Well thats all for now. I will catch up with you all when I get back on Sunday. I hope you all have a lovely weekend and if the snow falls near you its pretty to look at and not that horrible wet sludge. We all need a bit of pretty in our lives.

Mel: Hope the wait isnt too long and keep your chin up and hope you and Sue set the dance floor on fire on saturday

Please take care all, thank you for your support and love and luck to all.

Shonagh xx

hi all,

Come home yesterday after the op. Surgeon said all went well. Need to wait for two weeks b4 results. I’m was on a high yesterday when I came home but this evening i think its all catching up with me and i feel drained. Its hard to rest with 3 kids anyhow. Im very bruised and my armpit hurts - a bit like tightness and burning at the same time.

Mel - i live in birmingham. Soz for not getting in touch sooner.

How are you? My brain has gone all scatty - not like me at all.

Sukes

Hey ladies,

Well the lakes were lovely, very relaxing and managed to find a lovely garnet necklace and bracelet for my best friends 40th birthday in Ambleside. I was determined to get it before I started with the hospital. Her birthday is the 21st January and I wasnt too sure if I will be ok for shopping or not.

I saw my consultant on Friday before the trip to Windermere who drew where my scar is coing to be and discussed how much is going to be gone. Very reassured its going to look a bit strange but worse things happen. They had to take more blood it appears I have some anti bodies they need to cross match just in case I need a transfusion. Only problem is my veins really dont want to give up my blood. They struggled with the first lot on Wednesday so have bruises on both arms already. They ended up getting the chemo nurse to find a vein that would bleed, and ended up getting it from just below my index finger knuckle!!!

Thank you all for they lovely messages. I will be back on the flip side.

Love and luck to all
Shonagh xx

Sorry to hog the thread but just just got to get this off my chest…ARRRRRRGGGGG!!!. Telephoned the hospital this morning to find out where my bed is. Check in today at 4pm. All sorted was on my mobile to Mum telling where I was and the land line rang. My surgeon has a cold. I now have to race up to the hospital at 4pm today to meet the new surgeon and I am re sheduled for Wednesday. I know I should be grateful its only one extra day but I was all geared up for admittance today op tomorrow. If it was a basic lumpectomy I think I may have been fine but losing the nipple is proving quite emotional and I cant believe how upset I am!!!
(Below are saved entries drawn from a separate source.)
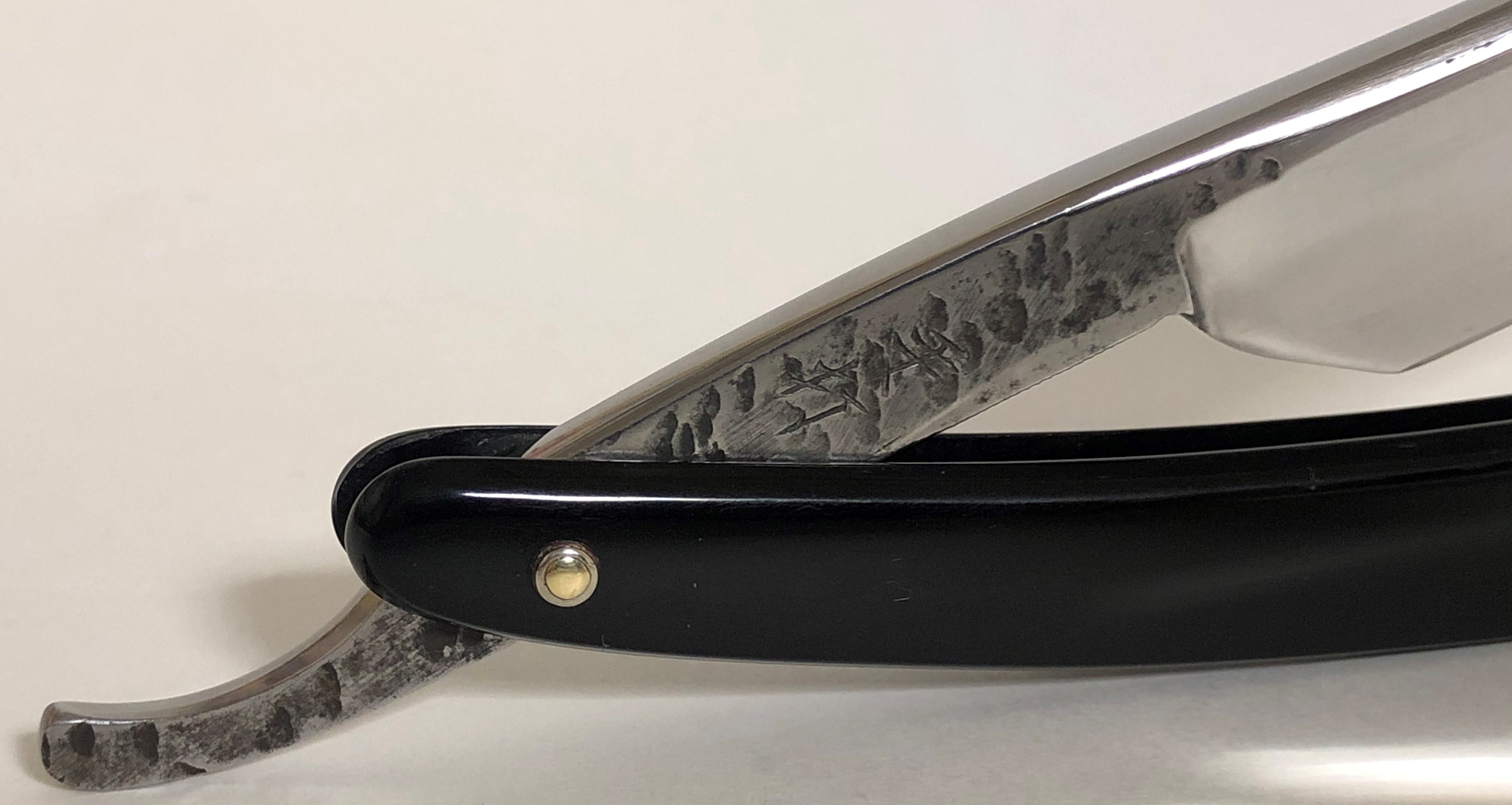 Бритва также в очень хорошем состоянии.Бритва была разобрана,немного почищен и умеренно отполирован клинок.В связи с тем, что бритва долгие годы была в закрытом положении, на полотне образовалось окисление в виде линий, от контакта пластика и металла. Кое что удалось убрать, а остальное оставил, чтобы с этими линиями не снимать лишний металл. Ни на что это не влияет, так что можно не брать во внимание.Сам клинок в очень хорошем и малопользованном состоянии, без активных следов пользования.Гравировка чёткая, без потертостей.Родная оправа целая и ровная. Пины поменял на немецкие втулки и добавил внутренние шайбы.Клин по центру.Идеальная геометрия.Кромочка равномерна по всей длине.Заточена и готова к бритью.
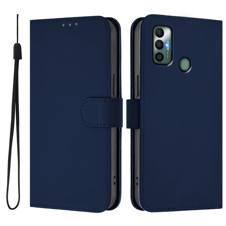 Funda de Piel para Tecno Spark 7/7T con Textura y Cordón (Azul Marino)
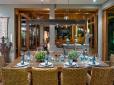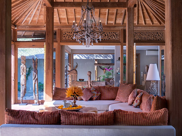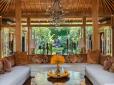 This single-storey villa comprises a main pavilion and a three-bedroomed guesthouse, set at opposite ends of a luxurious 19-metre swimming pool. The open-plan design of the main building allows natural light to flood into the space and accentuates the honey-coloured detail of the recycled teakwood that is the signature feature of Shambala. An ornate chandelier hangs from the soaring rafters of the century-old roof in the comfortable and stylishly furnished living room, which is adjoined by an elegant dining area where a table for ten makes the perfect setting for a dinner party. To the rear of the dining space is a chic, custom-designed kitchen incorporating an island workstation and breakfast bar.
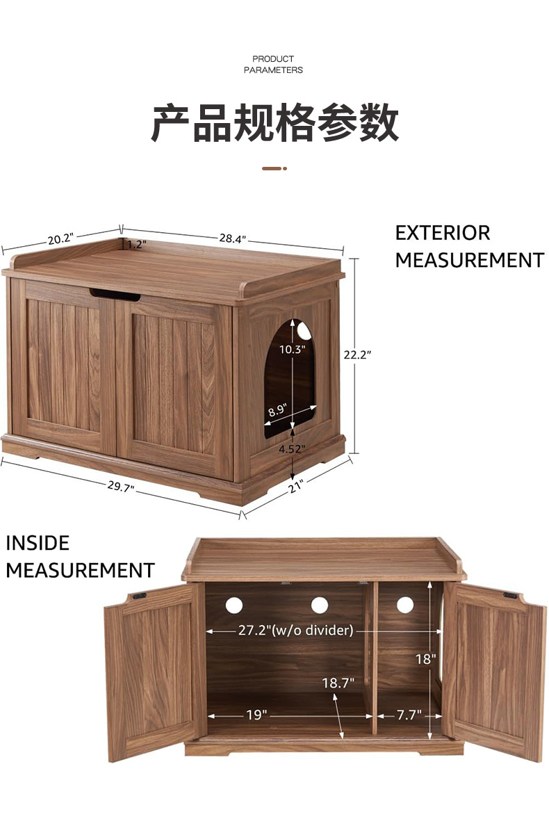 국경 간 맞춤형 숨겨진 고양이 쓰레기 애완 동물 둥지 캐비닛 애완 동물 집 목조 다목적 레이아웃 가구 보관 캐비닛
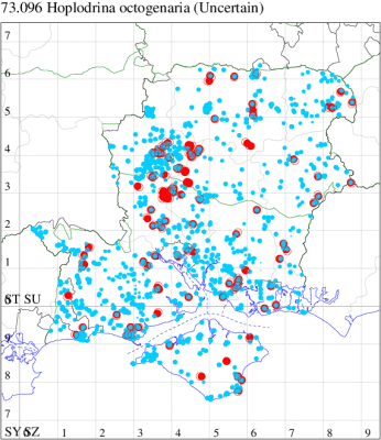 Common in a wide range of habitats, mainly in low-lying areas, including woodland, rough meadows and gardens throughout the British Isles. Widespread and common in Hampshire and on the Isle of Wight. Wingspan 31-33 mm. Easily and frequently confused with Rustic H. blanda, but generally H. octogenaria has broader and rougher forewing, stigmata contrasting with remainder of forewing, and more conspicuous cross-lines (MBGBI Vol 10). The general coloration of The Rustic is brown to grey with a glossy appearance, whereas The Uncertain is ochreous brown and coarser looking, and the orbicular stigma is usually smaller in The Rustic. The hindwings are greyer and glossier in The Rustic and the stigma smaller than The Uncertain. The Uncertain flies from late May, whereas The Rustic usually appears at the end of June. See the comparison photo in the collection above.
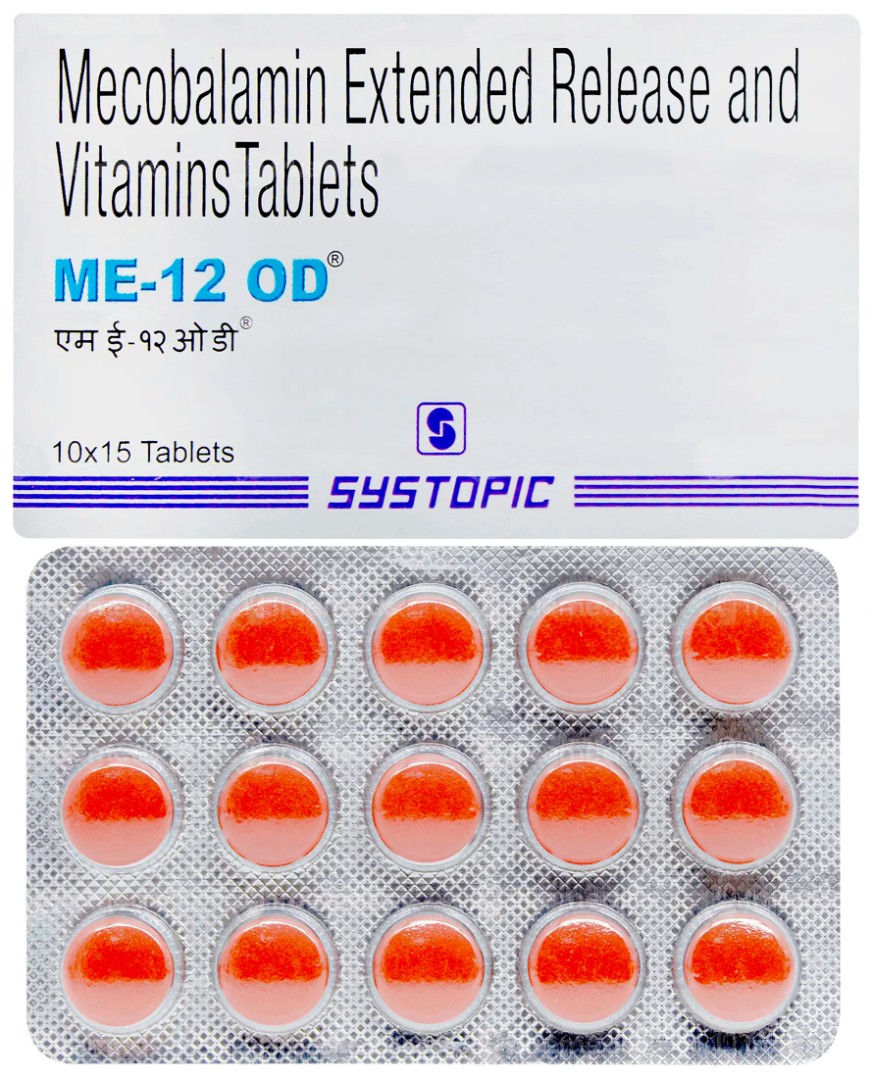 Комплекс ME-12 OD содержит активную форму витамина B12 — метилкобаламин, который участвует в восстановлении миелиновых оболочек нервов и кроветворении. Пиридоксин (B6) необходим для синтеза нейротрансмиттеров, а фолиевая кислота поддерживает здоровье клеток крови и обмен веществ.
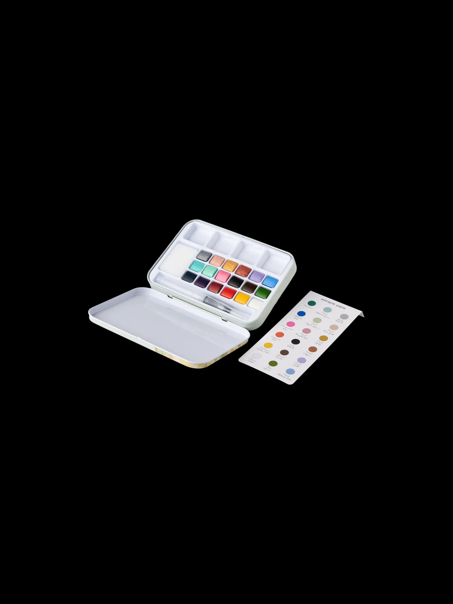 Das Aquarell-Set der Schwestern besteht aus 9 schimmernden Farben und 9 einfarbigen Farben. Es wird mit einem Pinsel für Aquarellfarben geliefert.
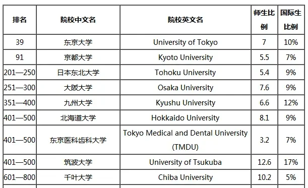 THE日本医学专业世界大学排名:

Sorry for going on but **!!!%£^&* to it all.

Shonagh xx

Custard,

Don’t let this beat you… Form your comments your a strong lady. Just think when its all over you can move on with your life. I know its hard but your have to be strong. When its out your half way there thats the way i see it.

hope all goes well for tomorrow.

Sukes

Hi Shonagh,

Its horrid when your admission date gets changed. The nipple loss was the thing that got to me the most as well but I’m over it and having one tattooed in February.
Good luck on Wednesday.

Sukes- do the bare minimum at home. It is hard with children around but they will get the idea. You need to recover and rest as much as possible.

Take care,

Kat

Hi Ladies

I’m due to getmy results from the op next wednesday and i’m really really scared. i know its ductal invasive but i scared it might of bot into to my lymp glands which they removed. I keep thinking the worst case senario. I don’t know what to do?

Hi

Sorry for not replying sooner. Was away at the weekend then came down with flu and sinusitis, grrrr!!!

Shonagh - Sorry to hear about ure surgery being delayed. Hopefully all has been done now and you are currently on the mend. Let us know how u are gettin on as soon as u r able.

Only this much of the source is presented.